### Work task
Pictures aside, repeat the listing below exactly.

### Exercise data
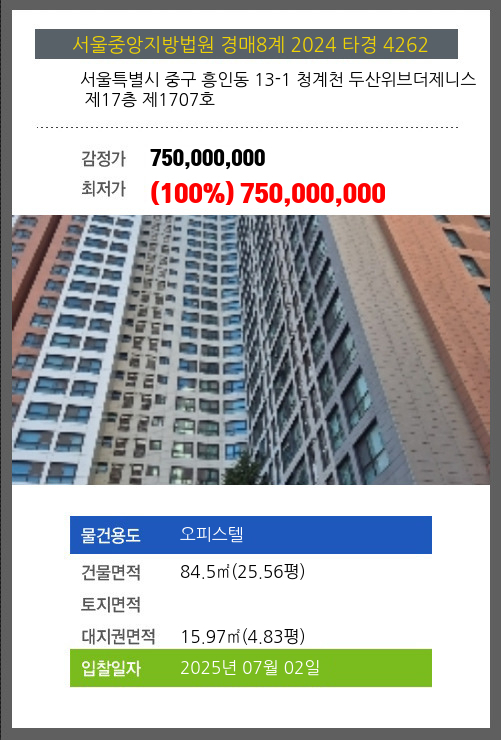 중오피스텔경매 중구 흥인동 13-1 청계천 두산위브더제니스 제17층 제1707호 №2024 타경 4262
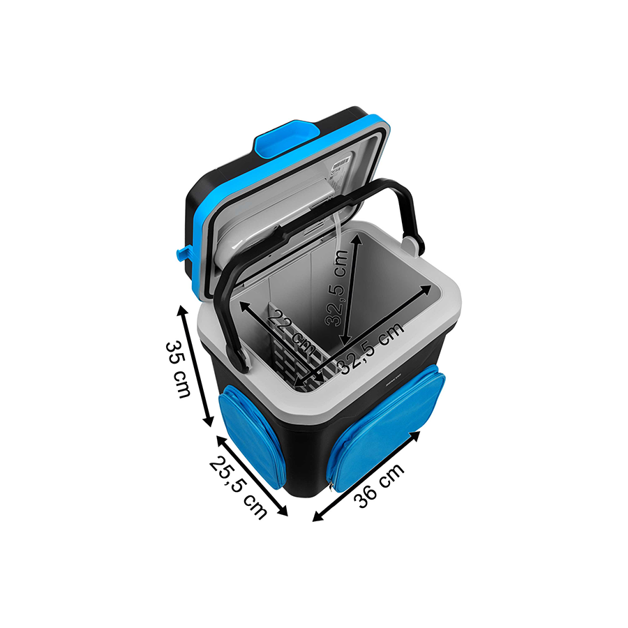 | Putni hladnjak | Suvremen dizajn s kapacitetom od 24 litre Mogućnost hlađenja i grijanja 3 praktična džepa sprijeda i dva bočna za držanje putnog pribora Za upotrebu u automobilu i kućanstvu (dvostruko napajanje 12/230V) Zeleno/crevno LED svjetlo signalizira hlađenje ili grijanje Velika ručka za lako nošenje Priključak na utičnicu od 12V (automobilski upaljač) / utičnicu mrežnog napajanja od 230 V Način rada ECO kada se napaja s 230 V (hlađenje će prestati kada se dostigne 12 °C) Prostor z šest PET boca od 1,5 l ili pet PET boca od 2 l, kada je poklopac zatvoren. Hladi do 16-18 °C ispod okolne temperature |
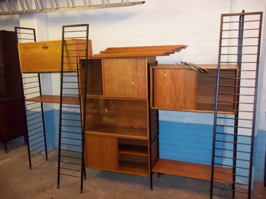 A RETRO TEAK LADDERAX BOOKCASE MODULAR UNIT WITH FOUR UPRIGHTS
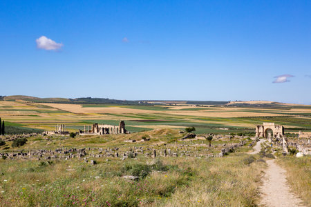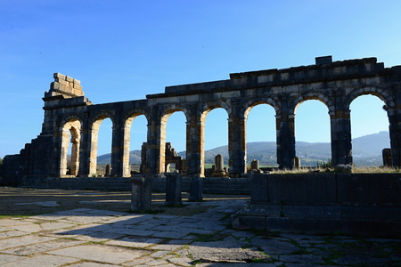 Volubilis Roman ruins in Morocco- Best-preserved Roman ruins located between the Imperial Cities of Fez and Meknes on a fertile plain surrounded by wheat fields.

### Result of the exercise
 중오피스텔경매 중구 흥인동 13-1 청계천 두산위브더제니스 제17층 제1707호 №2024 타경 4262
 | Putni hladnjak | Suvremen dizajn s kapacitetom od 24 litre Mogućnost hlađenja i grijanja 3 praktična džepa sprijeda i dva bočna za držanje putnog pribora Za upotrebu u automobilu i kućanstvu (dvostruko napajanje 12/230V) Zeleno/crevno LED svjetlo signalizira hlađenje ili grijanje Velika ručka za lako nošenje Priključak na utičnicu od 12V (automobilski upaljač) / utičnicu mrežnog napajanja od 230 V Način rada ECO kada se napaja s 230 V (hlađenje će prestati kada se dostigne 12 °C) Prostor z šest PET boca od 1,5 l ili pet PET boca od 2 l, kada je poklopac zatvoren. Hladi do 16-18 °C ispod okolne temperature |
 A RETRO TEAK LADDERAX BOOKCASE MODULAR UNIT WITH FOUR UPRIGHTS
 Volubilis Roman ruins in Morocco- Best-preserved Roman ruins located between the Imperial Cities of Fez and Meknes on a fertile plain surrounded by wheat fields.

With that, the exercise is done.